═════ Records supplied

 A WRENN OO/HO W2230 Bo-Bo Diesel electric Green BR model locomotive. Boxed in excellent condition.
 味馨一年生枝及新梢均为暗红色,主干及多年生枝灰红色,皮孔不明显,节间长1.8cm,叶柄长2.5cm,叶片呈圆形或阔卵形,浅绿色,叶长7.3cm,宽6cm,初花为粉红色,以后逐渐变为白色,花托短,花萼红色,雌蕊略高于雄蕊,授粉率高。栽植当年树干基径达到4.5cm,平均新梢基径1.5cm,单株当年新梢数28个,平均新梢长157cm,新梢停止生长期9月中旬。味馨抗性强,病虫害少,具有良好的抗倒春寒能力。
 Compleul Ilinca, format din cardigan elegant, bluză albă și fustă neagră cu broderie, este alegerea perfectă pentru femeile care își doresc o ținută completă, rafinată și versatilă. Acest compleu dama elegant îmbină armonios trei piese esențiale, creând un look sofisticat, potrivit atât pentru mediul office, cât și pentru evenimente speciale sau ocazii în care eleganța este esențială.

══════════
═════ Records supplied

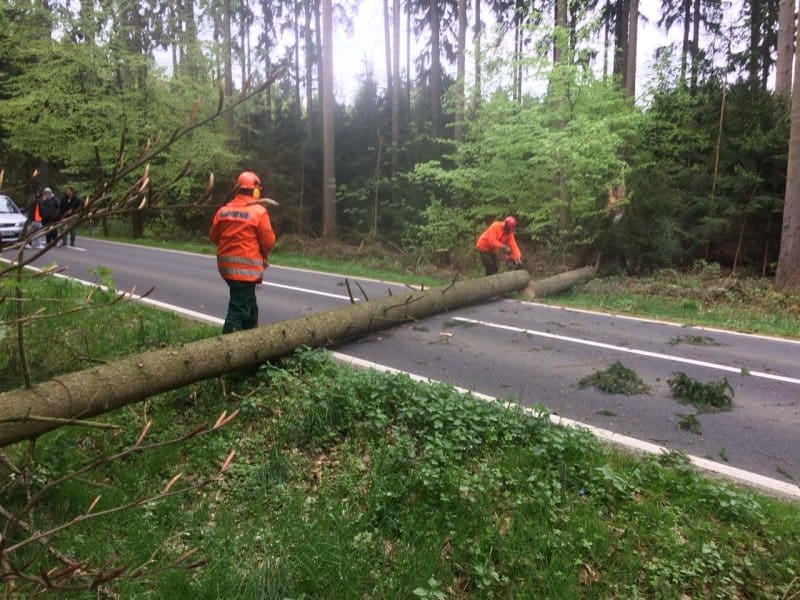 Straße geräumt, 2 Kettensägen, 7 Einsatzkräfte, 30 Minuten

══════════

• [Task objective]:
Your answer should be the lines of the listing above between the line holding "A WRENN OO/HO" and the line holding "Compleul Ilinca, format", inclusive, restated word for word and alone.

• [Expected output]:
 A WRENN OO/HO W2230 Bo-Bo Diesel electric Green BR model locomotive. Boxed in excellent condition.
 味馨一年生枝及新梢均为暗红色,主干及多年生枝灰红色,皮孔不明显,节间长1.8cm,叶柄长2.5cm,叶片呈圆形或阔卵形,浅绿色,叶长7.3cm,宽6cm,初花为粉红色,以后逐渐变为白色,花托短,花萼红色,雌蕊略高于雄蕊,授粉率高。栽植当年树干基径达到4.5cm,平均新梢基径1.5cm,单株当年新梢数28个,平均新梢长157cm,新梢停止生长期9月中旬。味馨抗性强,病虫害少,具有良好的抗倒春寒能力。
 Compleul Ilinca, format din cardigan elegant, bluză albă și fustă neagră cu broderie, este alegerea perfectă pentru femeile care își doresc o ținută completă, rafinată și versatilă. Acest compleu dama elegant îmbină armonios trei piese esențiale, creând un look sofisticat, potrivit atât pentru mediul office, cât și pentru evenimente speciale sau ocazii în care eleganța este esențială.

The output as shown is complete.